Einschränkung: Keine Live-Überwachung oder KI-Auswertung der Screenshots geplant. Das würde die hohen Ansprüche an Ausfallsicherheit untergraben - wenn die KI-Analyse wegen Stromausfall oder Netzstörungen ausfällt, darf das nicht die ganze Prüfung gefährden. Stattdessen nur retrospektive manuelle Auswertung bei konkreten Verdachtsfällen.

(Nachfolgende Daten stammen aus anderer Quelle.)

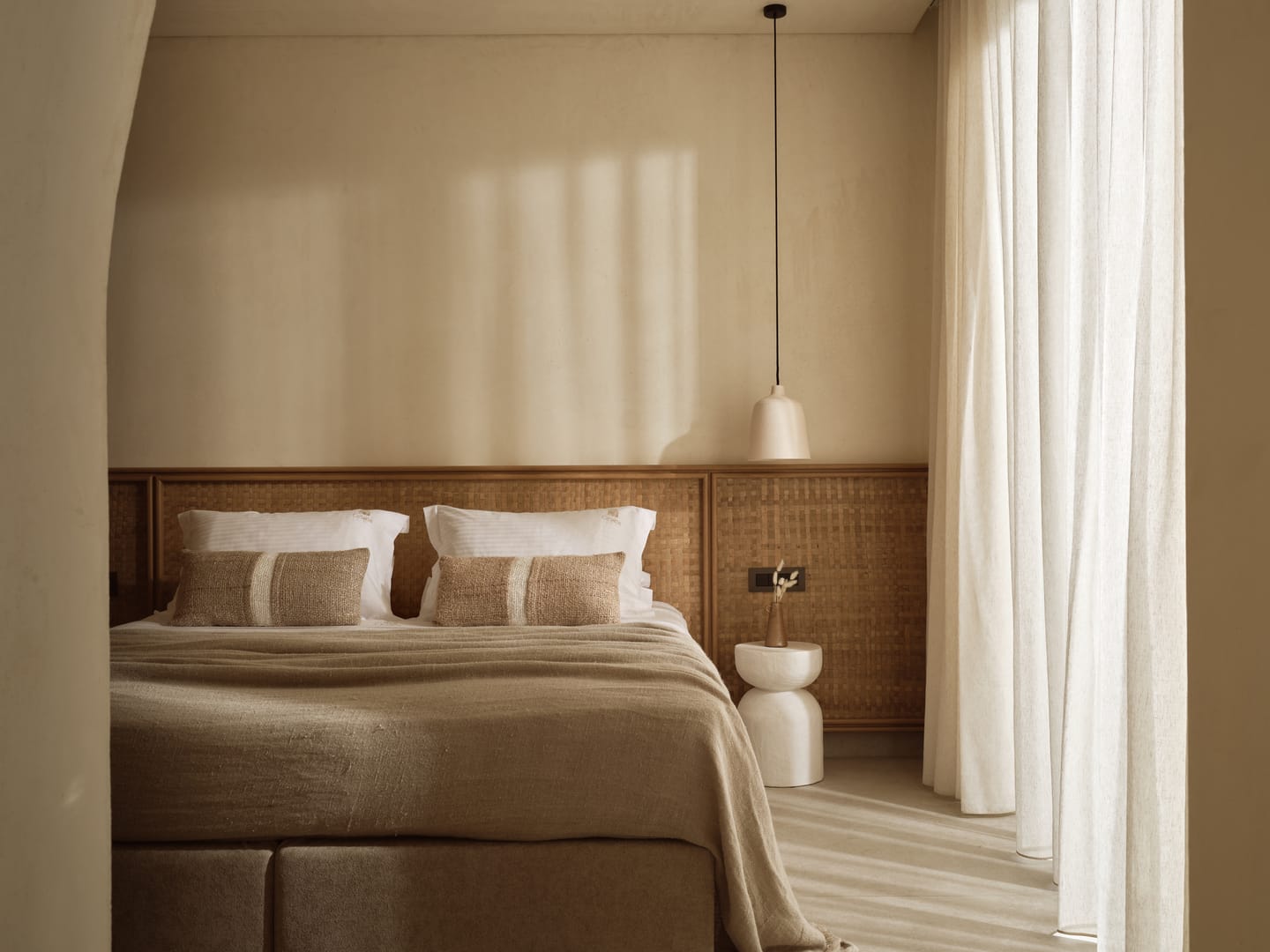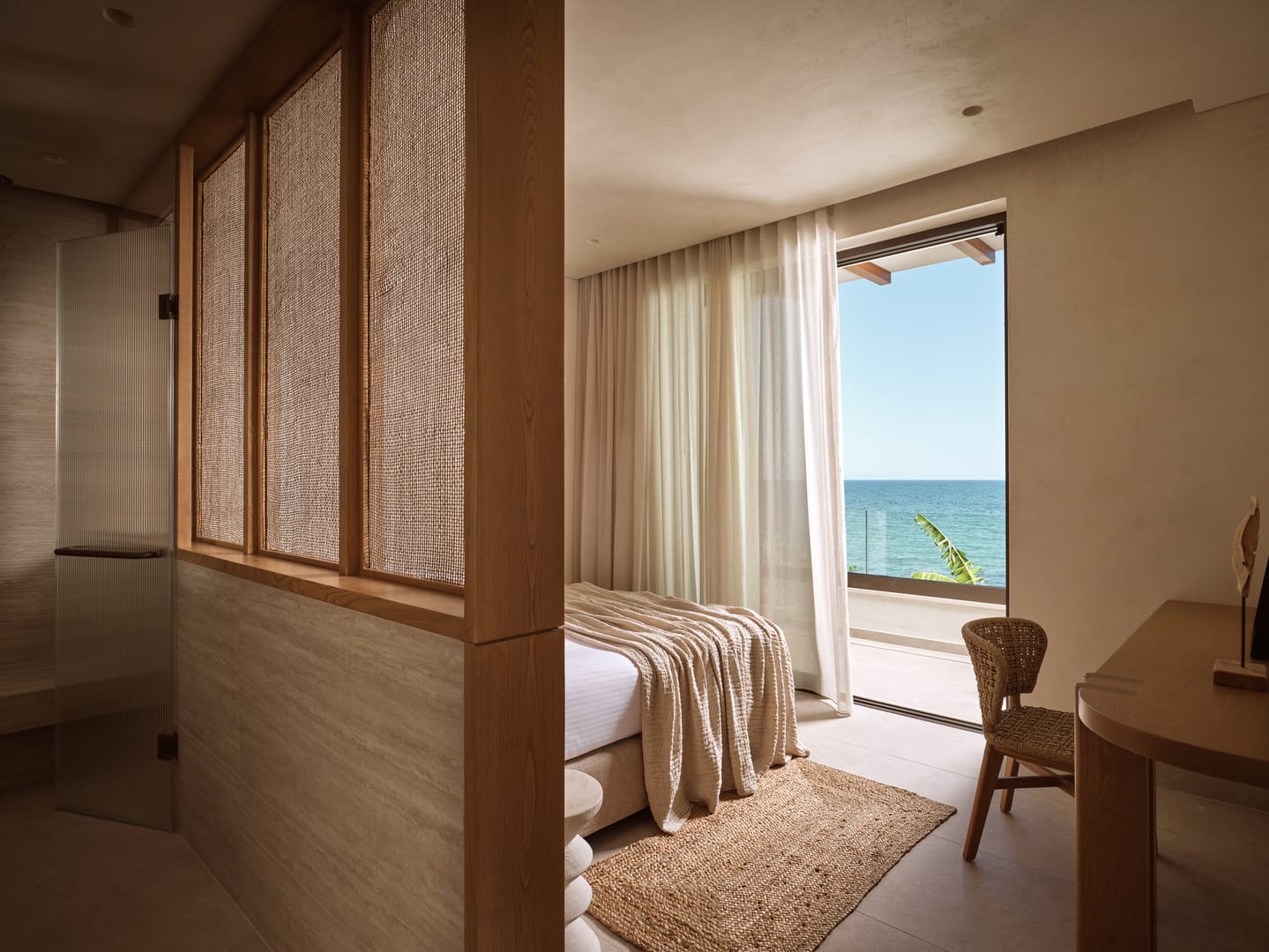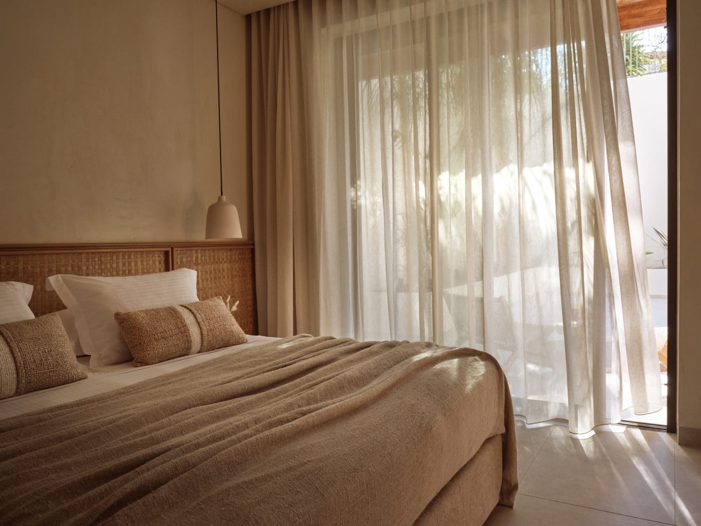 Coco-Mat beds and premium linens elevate rest to a luxurious ritual, while marble-tiled floors bring a clean, refined aesthetic to every room.

Zeitmanagement und flexible Bearbeitungszeiten

Diskussion über Zeitverlängerungen: Warum sperrt das System nicht automatisch die Bearbeitungsmöglichkeit, wenn die Prüfungszeit abgelaufen ist? Meine Antwort: Weil wir den Aufsichten unkompliziert die volle Kontrolle über die Prüfungsdurchführung geben wollen. Wie bei Papierklausuren sollen Aufsichten flexibel reagieren können.

Praktisches Beispiel: Wir hatten schon einen Notarzteinsatz im Prüfungsraum während der Prüfung; unmittelbar benachbarte Studierende erhielten von den Aufsichten spontan eine Zeitverlängerung – ohne umständlich Rechnernummern nachschlagen und in einem System die Verlängerung konfigurieren zu müssen.

Auch hier zeigen Screenshots ihren Nutzen: Wenn jemand nach offiziellem Ende weiterschreibt, ist das dokumentiert. Wie bei Papierklausuren kann dadurch eine Prüfung nach dem Ende der Bearbeitungszeit für ungültig erklärt werden. Sicher diskutabel, aber ich denke: Es sollte auch bei E-Prüfungen möglich sein, bei einem solchen Regelverstoß durch die Prüfung zu fallen.